### ABOUT THIS EXERCISE
This exercise requires an exact output of the listing, images omitted.

### EXERCISE DATA
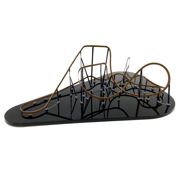 NanoCoasters are stainless steel, laser-cut miniature roller coaster building kits.
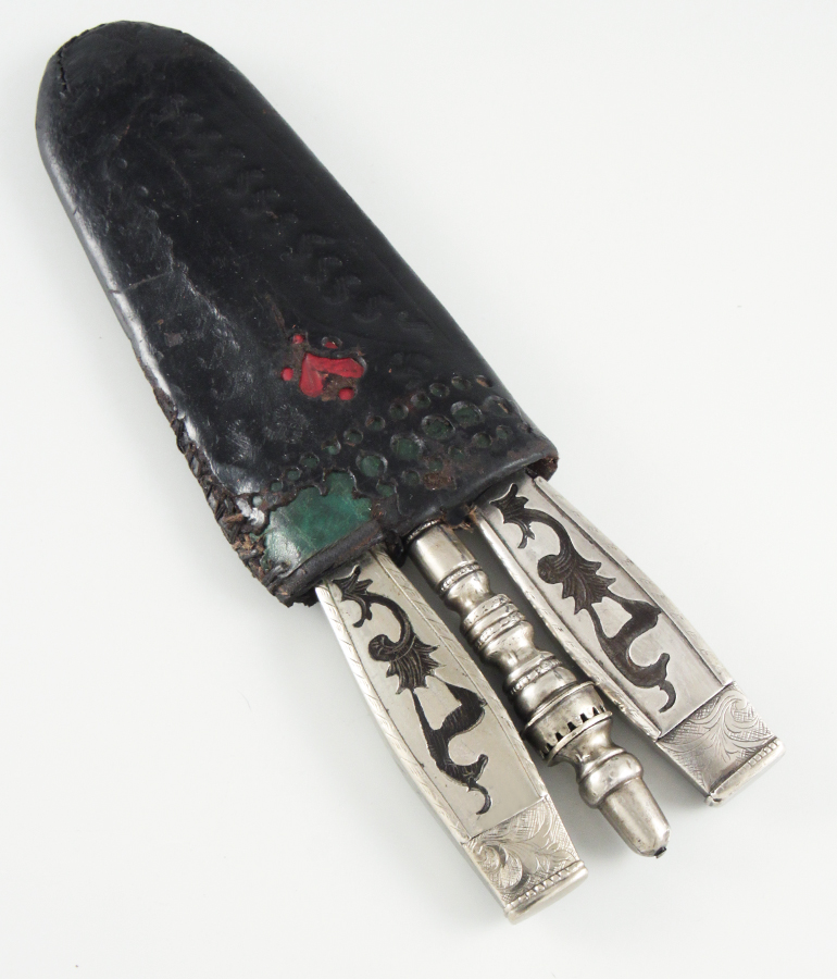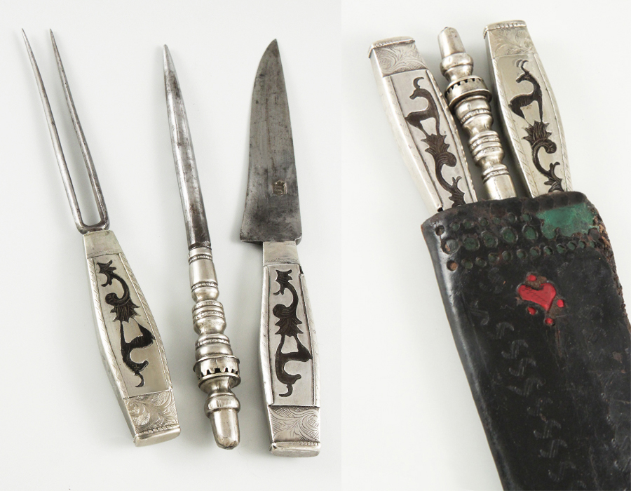 Messer, Gabel, Wetzstahl, Lederetui, Horn, Silber, Stahl,
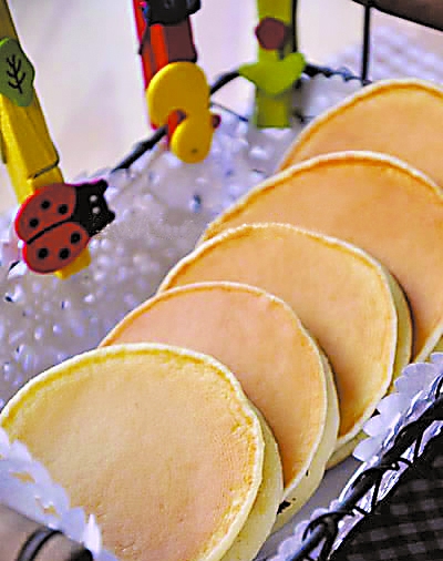 | 红豆铜锣烧 原料:面粉、细砂糖、牛奶、鸡蛋、泡打粉、红豆沙、黄油。 做法: 1、鸡蛋打入盆中,加入细砂糖,再加入牛奶,混合均匀。 2、加入面粉拌均匀,静置15分钟左右。 3、准备馅料:将黄油和红豆沙倒入锅中,小火炒至黄油融化,与豆沙搅拌均匀。 4、锅烧热(不放油),而后转小火,用勺子舀一勺面糊到锅子里,让面糊以垂直的方向流入锅中,就会在锅子里形成一个圆形。 5、小圆饼炸黄即可出锅。 |
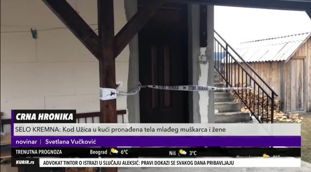 U selu Kremna pronađena su tela mlađeg muškarca i žene rodom iz Požege. Kako Kurir saznaje, oni su u mesto nadomak Užica došli na odmor. Istražni organi ispituj uzrok smrti muškarca, a pretpostavlja se da je stradao od strujnog udara do koga je došlo zbog neispravnog bojlera.

### EXERCISE RESPONSE
 NanoCoasters are stainless steel, laser-cut miniature roller coaster building kits.
 Messer, Gabel, Wetzstahl, Lederetui, Horn, Silber, Stahl,
 | 红豆铜锣烧 原料:面粉、细砂糖、牛奶、鸡蛋、泡打粉、红豆沙、黄油。 做法: 1、鸡蛋打入盆中,加入细砂糖,再加入牛奶,混合均匀。 2、加入面粉拌均匀,静置15分钟左右。 3、准备馅料:将黄油和红豆沙倒入锅中,小火炒至黄油融化,与豆沙搅拌均匀。 4、锅烧热(不放油),而后转小火,用勺子舀一勺面糊到锅子里,让面糊以垂直的方向流入锅中,就会在锅子里形成一个圆形。 5、小圆饼炸黄即可出锅。 |
 U selu Kremna pronađena su tela mlađeg muškarca i žene rodom iz Požege. Kako Kurir saznaje, oni su u mesto nadomak Užica došli na odmor. Istražni organi ispituj uzrok smrti muškarca, a pretpostavlja se da je stradao od strujnog udara do koga je došlo zbog neispravnog bojlera.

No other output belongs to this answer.